At Hamersley’s Bistro (553 Tremont Street, Boston,
617.423.2700), chef/owner Gordon Hamersley has worked the French-bistro
tradition with a locavore American slant for 22 years. He started small, and though
he moved to bigger digs across the street after a few years, he hasn’t budged
from that original concept. While his contemporaries built expansive,
diversified restaurant empires, he kept to the South End: there’s no
Hamersley’s Las Vegas or Foxwoods or even Wellesley. He doesn’t hawk a line of
cookware, front a TV show, or do much of anything to promote “the brand.” He’s
just there, working in his open kitchen, pretty much every night.

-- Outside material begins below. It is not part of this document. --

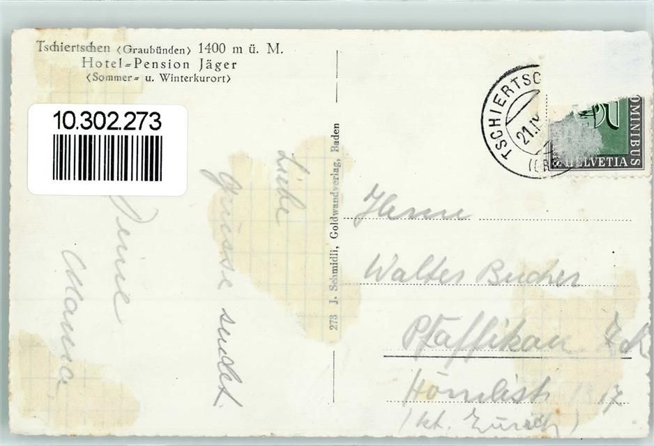 7064 Tschiertschen Gebrauchsspuren Hotel Pension Jäger
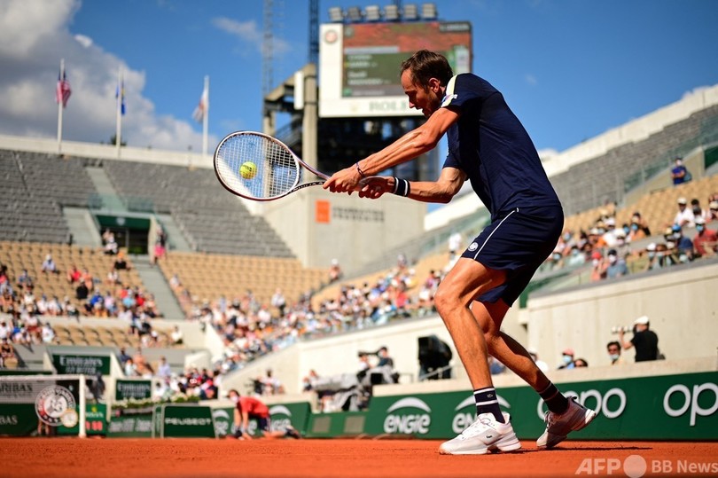 今大会まで、全仏オープンで1勝もしたことがなかったメドベージェフは、第12シードのパブロ・カレーニョ・ブスタ(Pablo Carreno-Busta、スペイン)に6-3、6-2、7-5で勝利した第5シードのステファノス・チチパス(Stefanos Tsitsipas、ギリシャ)と準々決勝で対戦する。(c)AFP

In an era of
nauseatingly self-promoting celeb-chef hucksters, his singular, quiet focus
seems almost quaint.
As it happens, resisting the temptation to collect fat paychecks
for stickering your name over the work of lieutenants in other time zones has
some upsides. For one, it helps your restaurant achieve a remarkably consistent
excellence. I imagine that having cooked his signature roast-chicken dish a
million times, he and his staff would gladly retire it, except his patrons
adore it (and it is indeed phenomenal). The reward for this commitment to
pleasing customers with an assiduous but unflashy artisanry, a less
spotlight-grabbing kind of craftsmanship, is the high regard of his peers,
widespread critical acclaim, and regular appearances near the top of Boston’s
most-popular-restaurant lists.
Many of the virtues of Hamersley’s workmanlike approach are
evident in his “Bistro” Bouillabaisse ($25). In it, he uses the archetypal fish
stew of Marseille as a starting point, but achieves an unmistakable New England
character with the use of impeccably fresh local seafood: Maine lobster,
littleneck clams, mussels, monkfish, and scallops. A raft of grilled crouton
keeps a bright, citrusy smear of rouille afloat in a shallow sea of intense
broth based on lobster stock. Some fennel and one verdant sprig of parsley
provide vegetal texture and interest. There’s real depth and complexity to that
broth, but Hamersley lets his painstakingly sourced local ingredients do most
of the talking. It’s at once sophisticated and homey, not as simple as it
looks, and, like that roast chicken, exactly the kind of dish that defeats less
gifted chefs. This isn’t the most innovative or artfully plated seafood stew in
town, but it might be the most soulful. That quality cannot be replicated
across an empire, and if that’s why Hamersley chose to stick so close to home,
it’s hard to imagine a better reason.